- [What the task asks]: Look below for the line containing "- Đèn bàn ngủ" and the line containing "Women's High Split", then set down both and every line between them exactly, without pictures.

- [Material for the task]:
------------

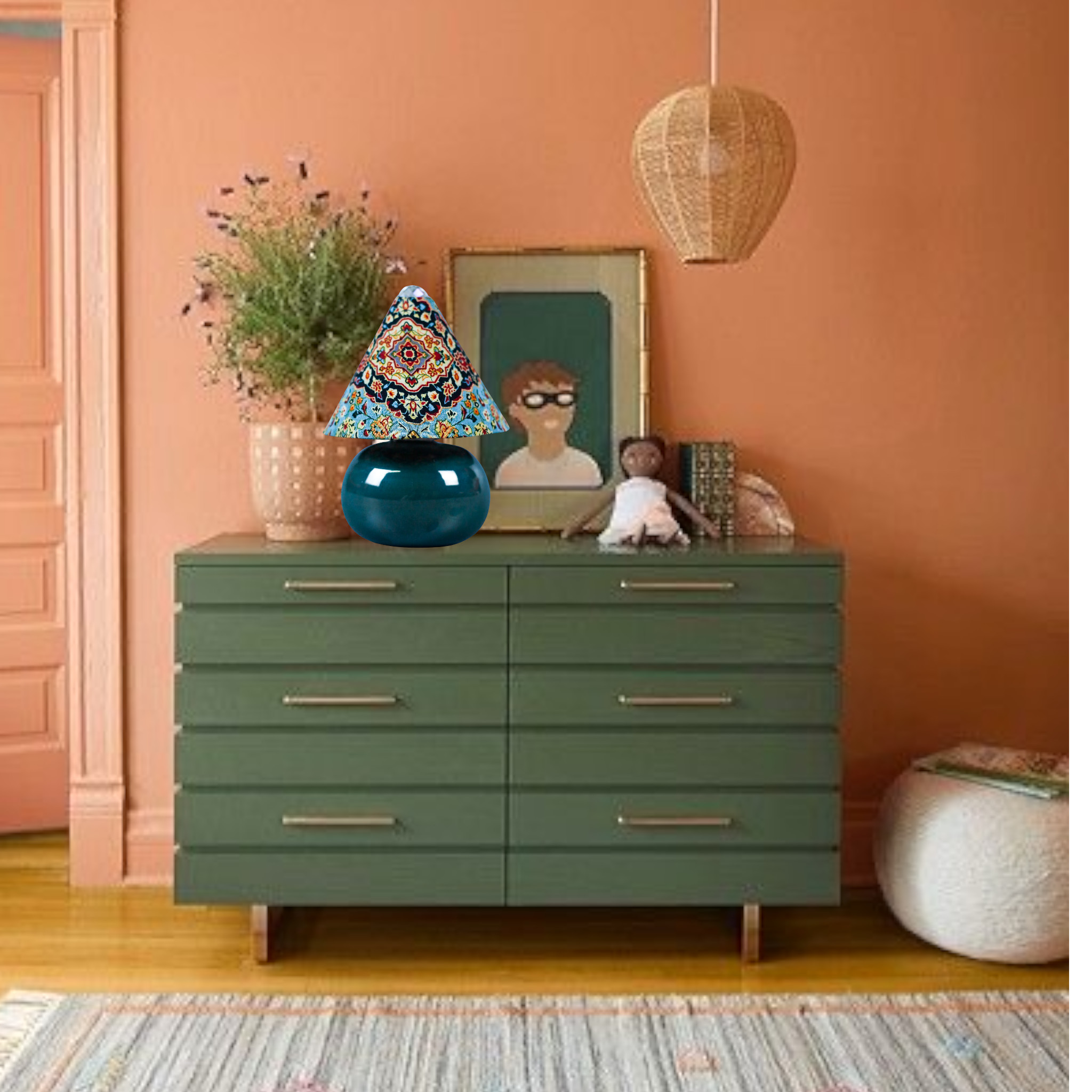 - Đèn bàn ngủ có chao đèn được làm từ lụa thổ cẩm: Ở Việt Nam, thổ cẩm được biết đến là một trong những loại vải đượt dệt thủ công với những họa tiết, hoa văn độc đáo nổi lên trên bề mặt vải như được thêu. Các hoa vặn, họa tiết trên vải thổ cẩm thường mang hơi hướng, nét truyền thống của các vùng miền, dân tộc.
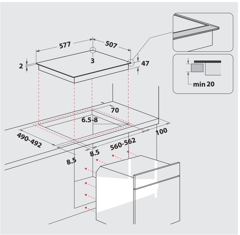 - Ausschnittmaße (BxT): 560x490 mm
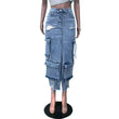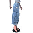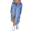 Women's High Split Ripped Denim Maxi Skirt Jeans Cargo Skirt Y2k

------------

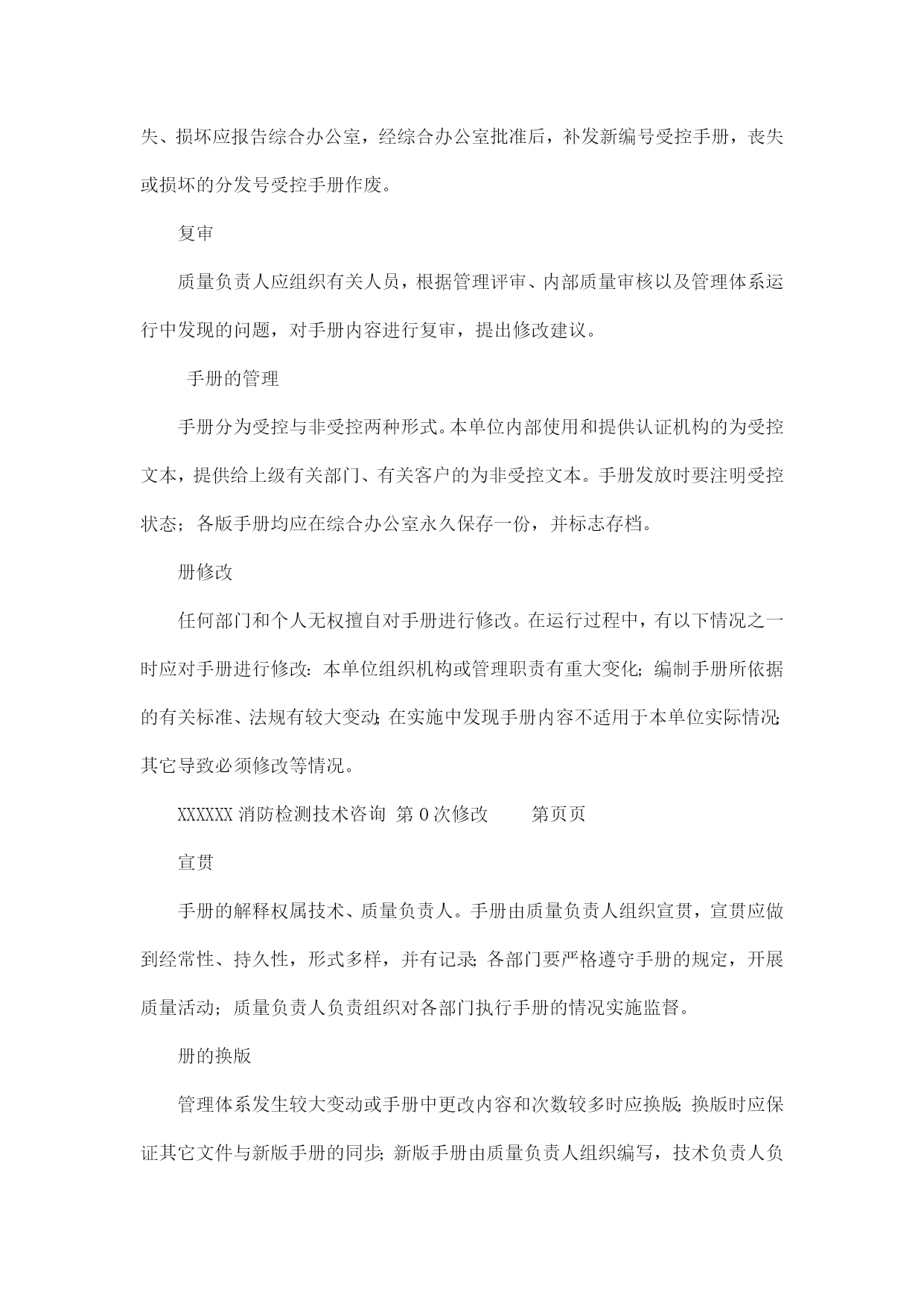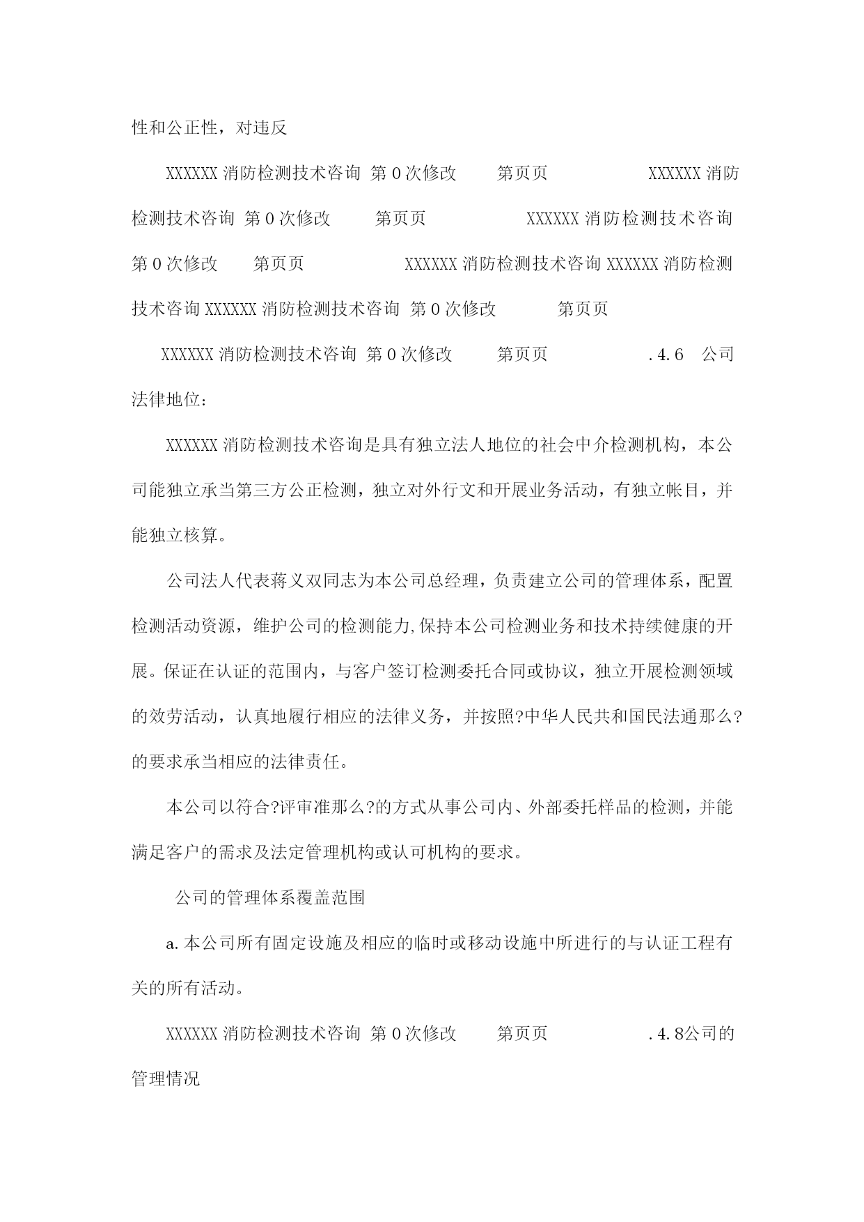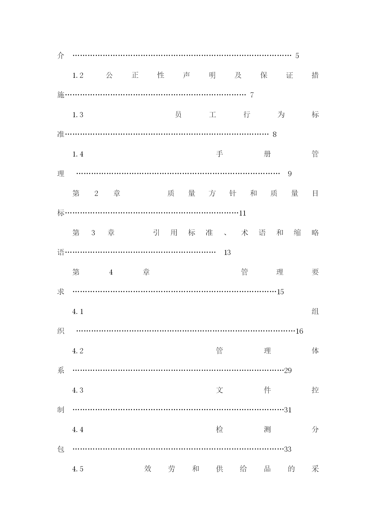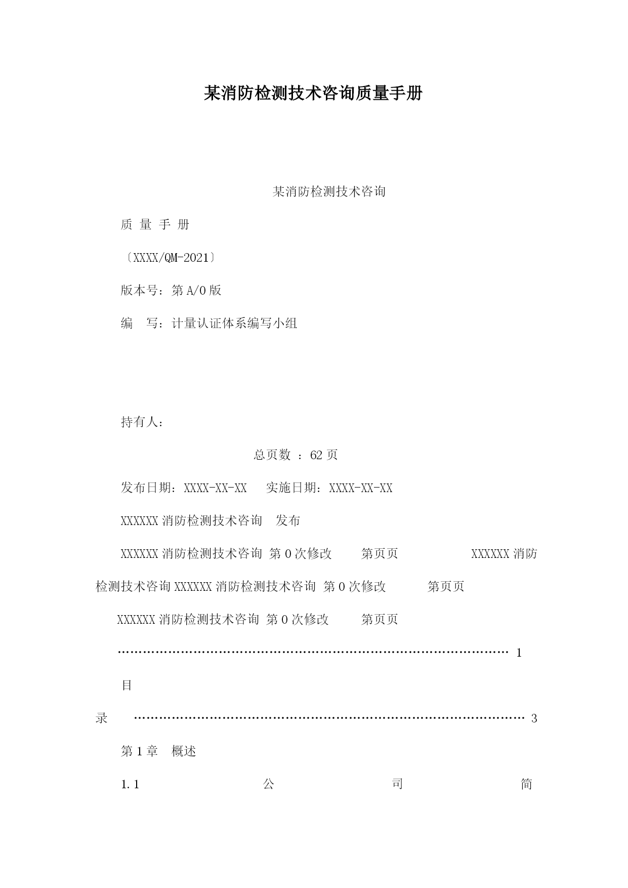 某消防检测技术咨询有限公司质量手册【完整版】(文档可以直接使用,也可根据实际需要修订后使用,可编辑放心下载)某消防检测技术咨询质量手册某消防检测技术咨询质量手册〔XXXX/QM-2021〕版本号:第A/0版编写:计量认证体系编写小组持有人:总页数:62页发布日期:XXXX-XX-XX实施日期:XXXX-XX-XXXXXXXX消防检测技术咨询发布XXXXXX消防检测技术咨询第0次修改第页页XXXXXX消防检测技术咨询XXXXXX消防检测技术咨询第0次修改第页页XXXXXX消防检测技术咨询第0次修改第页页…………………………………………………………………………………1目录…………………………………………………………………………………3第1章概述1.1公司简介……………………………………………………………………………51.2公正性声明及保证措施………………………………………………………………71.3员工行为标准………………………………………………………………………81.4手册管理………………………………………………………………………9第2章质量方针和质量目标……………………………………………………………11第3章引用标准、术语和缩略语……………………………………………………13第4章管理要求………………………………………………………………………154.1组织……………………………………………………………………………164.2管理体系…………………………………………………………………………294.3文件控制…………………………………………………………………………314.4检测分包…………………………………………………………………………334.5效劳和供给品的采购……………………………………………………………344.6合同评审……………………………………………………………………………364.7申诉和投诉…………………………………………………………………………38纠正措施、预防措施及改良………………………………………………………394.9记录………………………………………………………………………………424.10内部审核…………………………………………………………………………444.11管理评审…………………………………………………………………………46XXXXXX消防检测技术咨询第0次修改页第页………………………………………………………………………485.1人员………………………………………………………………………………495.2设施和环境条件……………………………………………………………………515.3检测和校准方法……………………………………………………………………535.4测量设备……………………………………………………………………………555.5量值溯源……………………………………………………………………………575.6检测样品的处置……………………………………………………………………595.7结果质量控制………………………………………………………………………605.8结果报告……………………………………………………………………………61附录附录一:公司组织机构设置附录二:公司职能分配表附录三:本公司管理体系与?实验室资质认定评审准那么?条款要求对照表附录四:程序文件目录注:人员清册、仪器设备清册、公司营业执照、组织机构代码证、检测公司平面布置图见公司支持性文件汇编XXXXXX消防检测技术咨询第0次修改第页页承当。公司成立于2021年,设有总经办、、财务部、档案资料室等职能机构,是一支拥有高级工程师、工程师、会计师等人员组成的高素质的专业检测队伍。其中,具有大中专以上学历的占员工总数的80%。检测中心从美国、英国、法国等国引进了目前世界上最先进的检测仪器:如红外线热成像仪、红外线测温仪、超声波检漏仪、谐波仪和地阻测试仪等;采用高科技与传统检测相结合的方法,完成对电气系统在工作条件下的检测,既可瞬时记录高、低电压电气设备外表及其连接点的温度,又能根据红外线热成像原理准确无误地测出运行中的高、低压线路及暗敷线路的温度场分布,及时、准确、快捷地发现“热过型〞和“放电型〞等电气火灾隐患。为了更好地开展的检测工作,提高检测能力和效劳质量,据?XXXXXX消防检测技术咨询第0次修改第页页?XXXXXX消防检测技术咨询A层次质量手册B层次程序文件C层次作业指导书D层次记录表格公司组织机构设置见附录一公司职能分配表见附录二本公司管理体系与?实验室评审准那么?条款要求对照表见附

------------

- [Answer area]:
 - Đèn bàn ngủ có chao đèn được làm từ lụa thổ cẩm: Ở Việt Nam, thổ cẩm được biết đến là một trong những loại vải đượt dệt thủ công với những họa tiết, hoa văn độc đáo nổi lên trên bề mặt vải như được thêu. Các hoa vặn, họa tiết trên vải thổ cẩm thường mang hơi hướng, nét truyền thống của các vùng miền, dân tộc.
 - Ausschnittmaße (BxT): 560x490 mm
 Women's High Split Ripped Denim Maxi Skirt Jeans Cargo Skirt Y2k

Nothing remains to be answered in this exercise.